Over the decades, Kegley says, he’s written 60 books and published more than 100 articles. Among those are various editions of his textbooks, which have become standard reading at colleges in the U.S. and globally.
“He has lectured here at Carnegie Council [for Ethics in International Affairs] on multiple occasions, at dozens of U.S. Universities, and around the world,” said his longtime protégé, Steve Hibbard, introducing the first of Kegley’s annual lecture series at the century-old New York-based think tank. Hibbard then rattled off an impressive list of global cities where Kegley has lectured.
“His books on world politics and foreign policy, adopted at one time at roughly 60 percent of the colleges in the U.S. – not to mention numerous overseas institutions – have educated thousands. They have helped shape and expand the worldview of generations of students.”
Kegley, nearly 80, says that while the lecture series is endowed in his will, the council decided to go ahead and get it started so that he could be present for the first lecture. He has long been involved with the organization and has previously served in leadership roles.
Kegley, the son of two scholars, is the second Charles Kegley to be both celebrated for his academic work and part of the council, a foreign policy think tank descended from an early 20th-century religious organization aimed at promoting world peace. His father, Charles Kegley Sr., was also honored as an intellectual heavyweight in his field.
Kegley spent his early years in the Chicago area and grew up in Columbus, Ohio. After graduating with his Ph.D. from Syracuse University in 1971, he says, he taught at Georgetown University for a year before USC offered him a job. By then he’d already published his first two books.
“They promised me a place where I’d have time to write, and they kept that promise – and I never regretted it,” he says of his decision to accept the position and move to South Carolina, where he went on to spend a 34-year career.

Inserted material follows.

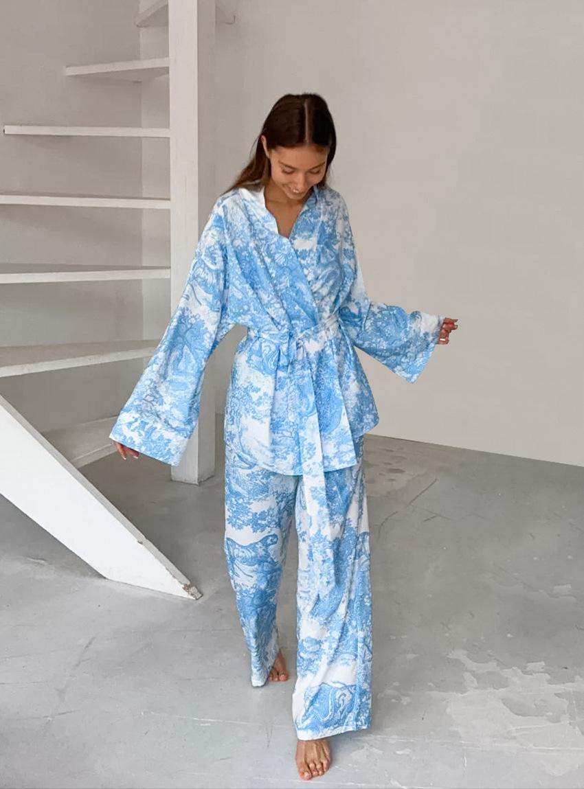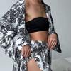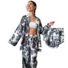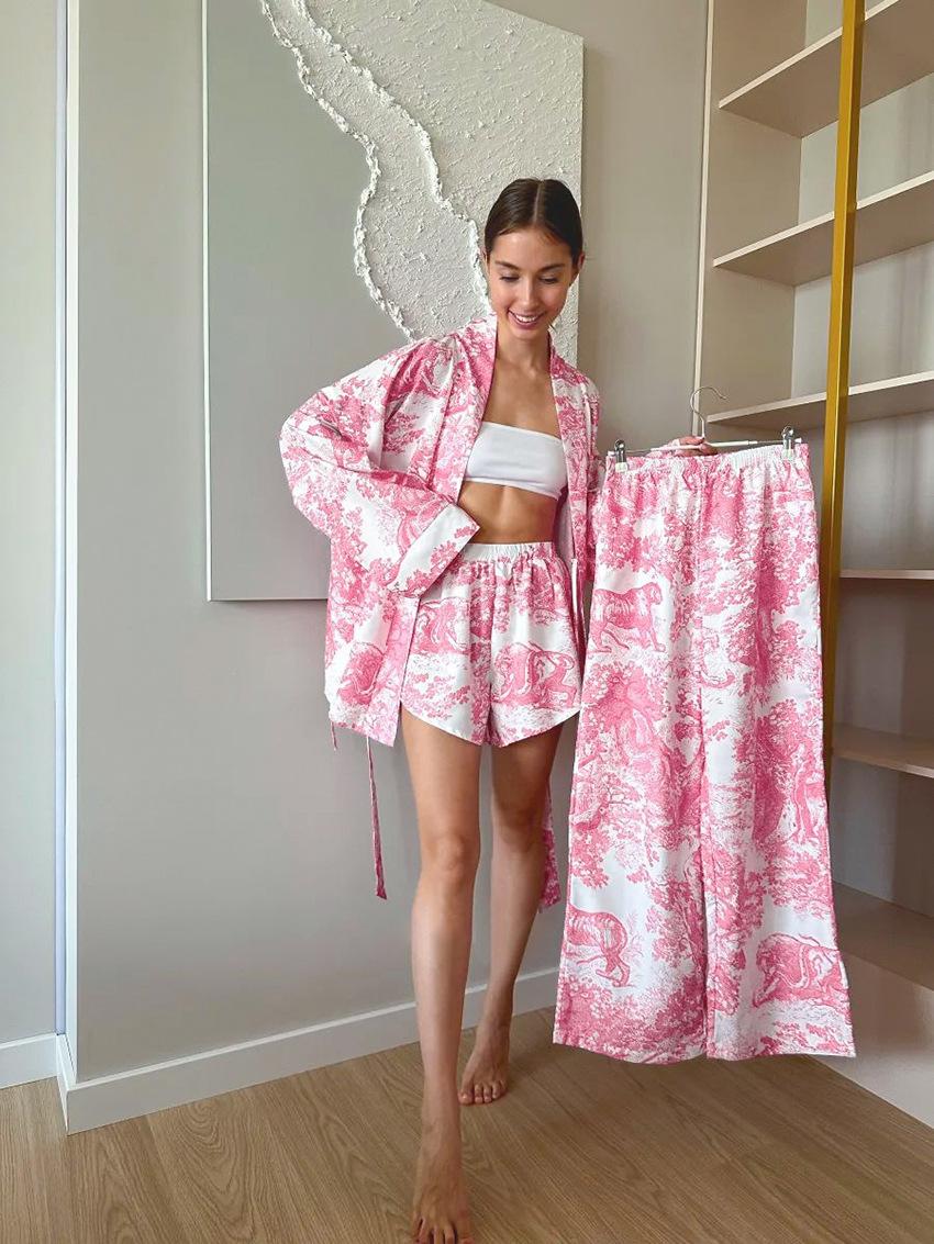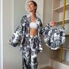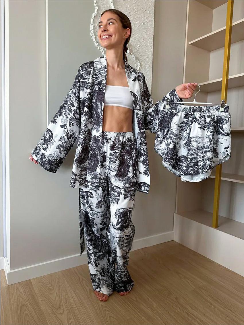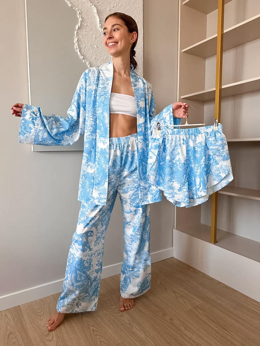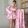 Pijama de tres piezas con estampado de invierno europeo y americano, holgado, de manga larga, cómodo y transfronterizo, para el hogar, venta al por mayor

Kegley says he has turned down lucrative endowed chair offers from Rutgers University and Rice University because South Carolina – and Blythewood – had become his home, he says.

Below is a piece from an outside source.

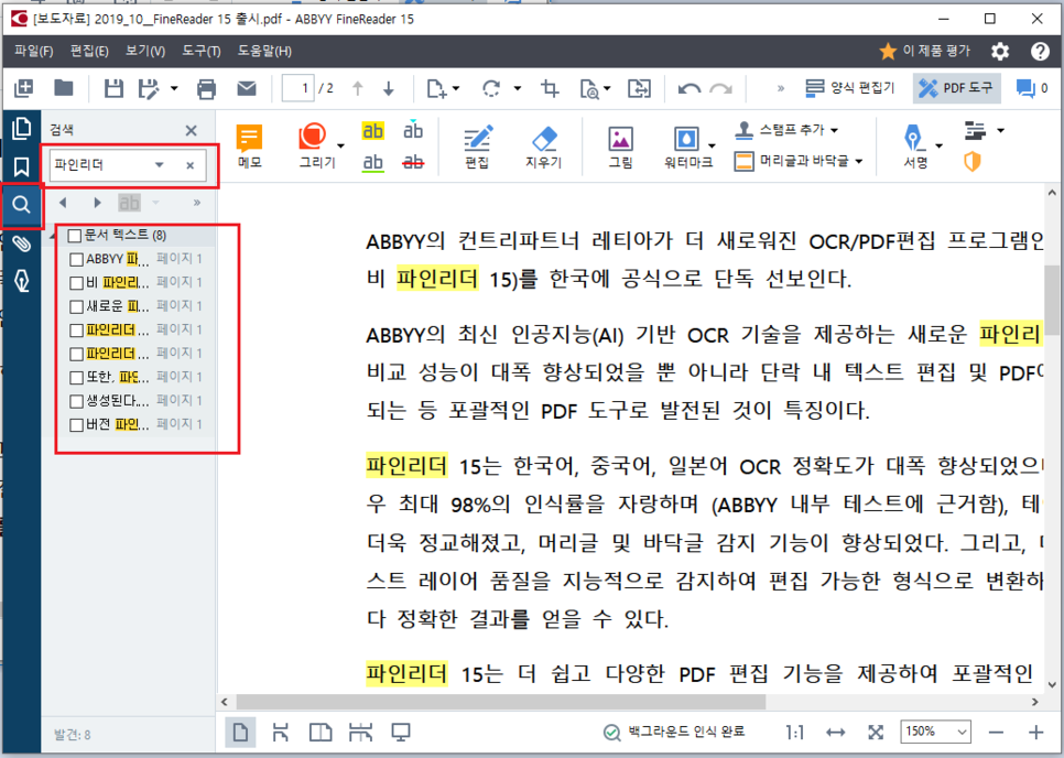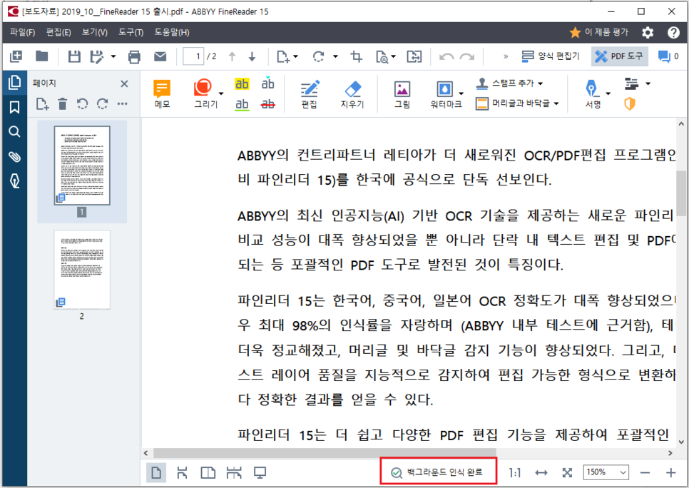 3. PDF파일을 열면 자동으로 OCR처리가 됩니다. 하단의 "백그라운드 인식 완료"를 확인해주세요~

“I was at the university as department chair for five years, and I am very proud of what we became. Some people thought we were [among] the top five programs for the production of PhDs in the world,” he said.
The department Kegley chaired was then called Government and International Studies; it’s now known as Political Science.
It was giving the first lecture at California’s Kegley Institute for Ethics – an institution named in honor of his father following his death in 1986 – that Kegley first caught the attention of the Carnegie Council – and began what would turn into many years on the lecture circuit. In 1992, he says, he got out of administration at the university but continued writing and lecturing.
“The standard joke is that ethics and international affairs is an oxymoron,” he says of his field – because, allegedly, in the relationships among nations, there is no ethics. But he says he begs to differ.
Among the core concepts that he presented in his writings is the idea that setting boundaries in international relations allows for a kind of enlightened self-interest that benefits all – noting importantly that countries with democratic governments never wage aggression directly against one another.
A wise nation, he says, will recognize the value of having boundaries on international behavior.
As for U.S. foreign policy, he says the country should return to its roots in the 14 points of Wilsonian idealism, the principles used by former U.S. President Woodrow Wilson in negotiating peace after World War I.
“John Quincy Adams warned: Do not go abroad for monsters to destroy,” Kegley said, paraphrasing the former U.S. President. “Preserve our democracies and pray for other countries to endow their citizens with freedom…. Unfortunately, we have a bunch of warriors who want to impose the American way of life on others and benefit from aggression.”
After living more than 20 years in Cobblestone Park, Kegley and his wife Debbie recently downsized to Columbia and now split their time between the Columbia area and Wytheville, Va., where Kegley has ancestral ties.
He says the lifestyle his father showed him years ago was part of what prompted him to follow in his footsteps as a scholar – but, ultimately, he hopes that he’s also made a positive impact on the world.
“[My father] said there are different ways to earn a living, but if you can write and you have something to say, it seemed like an honorable life,” Kegley says. “To try to expand knowledge and educate people; it’s our only hope. Learning is the only antidote, really, for war.”